Originally Posted by Watchman
One has to wonder what would be the odds of anyone managing to keep a confederation as fractious and inherently divided as the Mycenean army before Troy in the field for any real lenght of time, especially if no appreciable progress was made. By what I've read of it the Greek peninsula of the day rather resembled medieval Europe - an awful lot of squabbling little local kings and lordlings each with their own damn mini-armies and a fortress to boot, at best only nominally under some sort of suzerainty of some particularly big boss (Agamemnon in the case of Troy). Odds are their logistics would've gone to Hell in a handbasket pretty fast too.
Plus, that was apparently still around the heyday of chariot warfare (recall that the heartlands of the Hittites weren't too far inland in Anatolia), and Homer makes a whole lot of usually rather confused references to the fact (his versions come from quite a few centuries later when the military paradigm had changed in general and in Greece in particular, and nobody really knew how and what for the things had been used) - recall Odysseus' powerful bow ? If that's not a composite bow, the staple of chariot warriors everywhere except among the Celts, I don't know what is.

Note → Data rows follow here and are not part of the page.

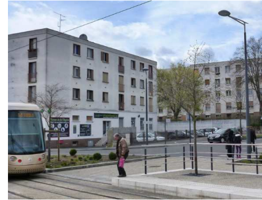
Copro la prairie - avant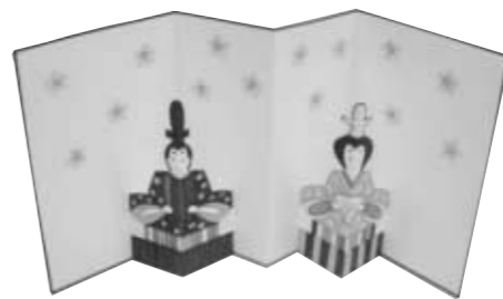
このような作品が出来上がります

や集荷 ②貯金保険の集金など なお、鏡石郵便局は、窓口業務のみを取り扱う郵便局となります。 その他 ①郵便番号は変わりません。 ②配達回数は現在と変わりません。(配達経路は変わります。) ③ポストの取集回数や時刻は、若干変わることがあります。 問い合わせ先 鏡石郵便局 ☎62 2300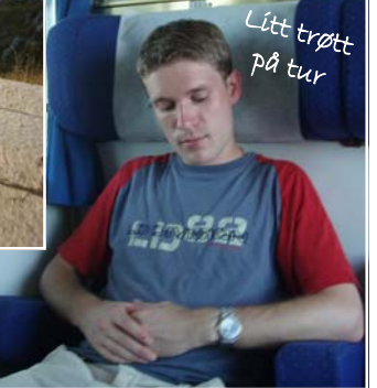
Litt trøtt på tur

Anyway, Chariot Age sieges to my understanding did not normally last very long - they either succeeded or failed pretty soon, and apparently if they thought they had a fighting chance the defenders tended to prefer trying to chase the attacker off without having to endure sitting behind the walls twiddling their thumbs (aristocratic warrior machismo may also have been involved in the proceedings). One theory I've read suggested the famous Trojan Horse was in fact a siege engine known as the "Assyrian horse" due to its inventors and rough overall shape, a kind of combined siege tower and ram/pick used to dismantle or clear sections of wall.